An article included data from a survey of 1,016 hiring managers and human resource professionals. The
article noted that many employers are using social networks to screen job applicants. Of the 1,016 people
who participated in the survey, 693 indicated that they use social networking sites to research job
applicants. For the purposes of this exercise, assume that the sample can be regarded as a random sample
of hiring managers and human resource professionals.
(a) Suppose you are interested in learning about the value of p, the proportion of all hiring managers and
human resource managers who use social networking sites to research job applicants. This proportion
can be estimated using the sample proportion, p̂. What is the value of p̂ for this sample? (Round your
answer to four decimal places.)
(b) Based on what you know about the sampling distribution of p̂, is it reasonable to think that this
estimate is within 0.02 of the actual value of the population proportion? Explain why or why not.
(Round your answer to four decimal places.)
Guide On Rating System
Vote
(a) The value of p̂, the sample proportion of hiring managers and human resource managers who use social networking sites to research job applicants, is calculated by dividing the number of people who indicated they use social networking sites (693) by the total number of participants in the survey (1,016).
p̂ = 693/1,016
p̂ ≈ 0.6827
Therefore, the value of p̂ for this sample is approximately 0.6827.

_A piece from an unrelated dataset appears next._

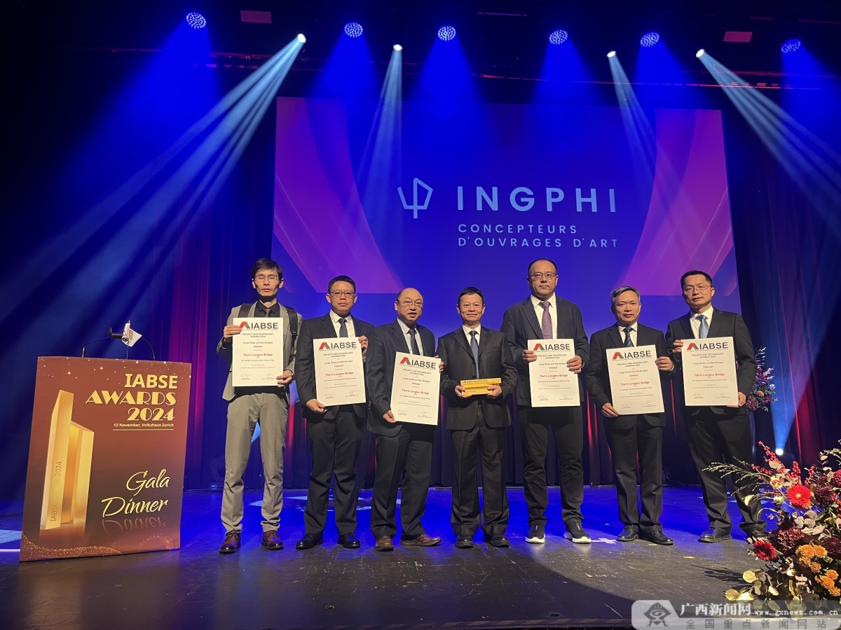 广西云-广西日报记者 罗婧 赵超 刘琴 当地时间11月12日,2024年国际桥梁与结构工程协会(简称IABSE)颁奖典礼在瑞士苏黎世举行,天峨龙滩特大桥从众多参与比拼的国际大跨桥梁中脱颖而出,荣获“大型公路与铁路桥最高奖”。

(b) The sampling distribution of p̂ can be approximated by a normal distribution when the sample size is large enough, based on the Central Limit Theorem. With a sample size of 1,016, which is relatively large, it is reasonable to assume that the sampling distribution of p̂ is approximately normal.

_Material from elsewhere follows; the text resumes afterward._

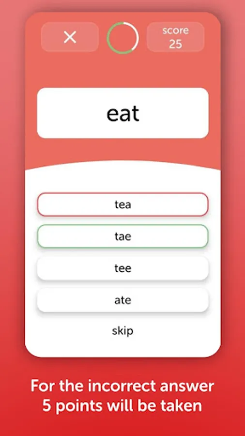 2) Custom game in which for every correct reverse spelling you earn 1 point, for incorrect -1 point will be taken. The time and number of skips are set by you. After the game is up you will see your final and best score.

To determine if it is reasonable to think that this estimate is within 0.02 of the actual value of the population proportion, we need to consider the standard error of p̂. The standard error, denoted as σp̂, can be calculated using the formula:
σp̂ = √(p̂(1-p̂)/n)
where p̂ is the sample proportion and n is the sample size.
In this case, we can use the sample proportion p̂ of approximately 0.6827.
σp̂ = √(0.6827(1-0.6827)/1,016)
σp̂ ≈ 0.0129
The standard error of p̂ is approximately 0.0129.
Considering a margin of error of 0.02, the estimate of p, the population proportion, is reasonably within 0.02 of the actual value if:
0.02 ≤ 2 * σp̂
0.02 ≤ 2 * 0.0129
0.02 ≤ 0.0258
Since 0.02 is less than or equal to 0.0258, it is reasonable to think that this estimate is within 0.02 of the actual value of the population proportion.